1. Given a document, we need to iterate each of the words and compute $\log p(w_i|\text{Spam})$ and sum them all up, and we also compute $\log p(w_i|\text{Ham})$ and sum them all up.
2. Then we add the log class priors and check to see which score is bigger for that document. Whichever is larger, that is the predicted label!
3. To compute $\log p(w_i|\text{Spam})$, the numerator is how many times we’ve seen $w_i$ in a “spam” message divided by the total count of all words in every “spam” message.

#### Laplace Smoothing
One thing that we need to take care of is that, if we encounter a word that is present in the spam vocabulary and not is ham vocabulary and vice-versa, Then $p(w_i|\text{Ham})$ will be 0, hence the log of 0, will return undefined. To overcome this, we use Laplace Smoothing, i.e. we simply add 1 to the numerator, and add the size of the vocubulary to the denominator to balance it.

In [8]:
def predict_data(X):
    result = []
    
    for x in X:
        counts = get_word_counts(x)
        spam_score = 0
        ham_score = 0
        
        for word, _ in counts.items():
            if word not in vocab: continue
            # add Laplace smoothing
            log_w_given_spam = math.log( (word_counts['spam'].get(word, 0.0) + 1) / (sum(word_counts['spam'].values()) + len(vocab)) )
            log_w_given_ham = math.log( (word_counts['ham'].get(word, 0.0) + 1) / (sum(word_counts['ham'].values()) + len(vocab)) )

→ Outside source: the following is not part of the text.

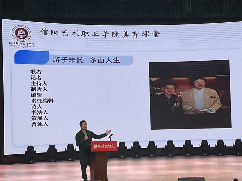 “这真是一堂别样的美育课呀!两位专家以各自独特的视角和人生经历,为我们打开了全新的视野,引领我们走进一个充满魅力与无限可能的世界,让我受益匪浅!”11月7日,信阳艺术职业学院的美育课堂一结束,学生孙娅就感慨道。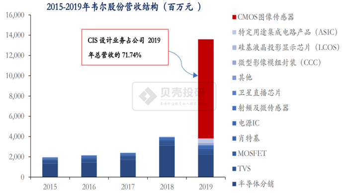 韦尔股份的主营业务分为半导体产品设计和半导体产品分销两部分。2019年,公司半导体设计业务收入占主营业务收入的比例提升至83.56%。目前,公司半导体设计业务主要分为两大产品体系,图像传感器和其他半导体器件。

            spam_score += log_w_given_spam
            ham_score += log_w_given_ham

        spam_score += log_class_priors['spam']
        ham_score += log_class_priors['ham']

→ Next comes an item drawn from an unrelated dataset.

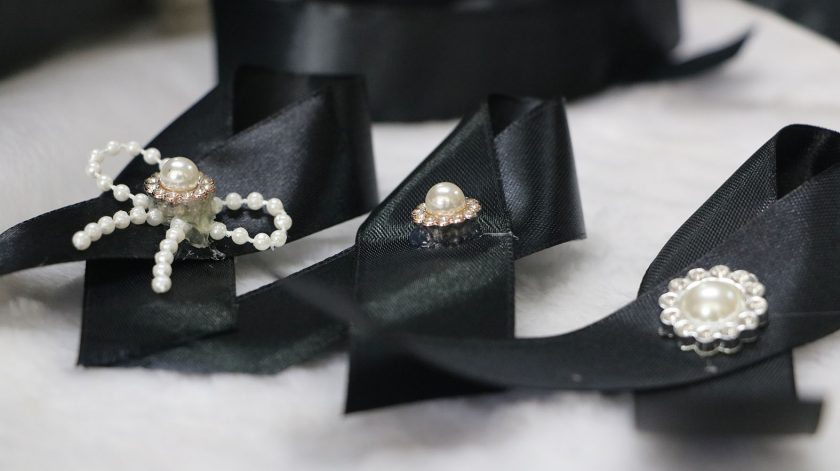 โบว์ริบบิ้นสีดำประดับมุกและเพชรเทียมมีความสวยงาม เมื่อกระทบแสงไฟจะเกิดประกายระยิบระยับ มีทั้งขนาดเล็กและขนาดใหญ่ พร้อมเข็มกลัดด้านหลัง ซึ่งเจ้าของร้านยืนยันว่าจะแจกฟรีไปเรื่อย ๆ จนกว่าจะไม่มีคนมารับ

        if spam_score > ham_score:
            result.append(1)
        else:
            result.append(0)
    return result

In [9]:
pred = predict_data(random.sample(X, 100))
true = random.sample(Y, 100)

accuracy = sum(1 for i in range(len(pred)) if pred[i] == true[i]) / float(len(pred))

print("Accuracy of correctly identifying a mail as spam or not = {0:.0f}%".format(accuracy * 100))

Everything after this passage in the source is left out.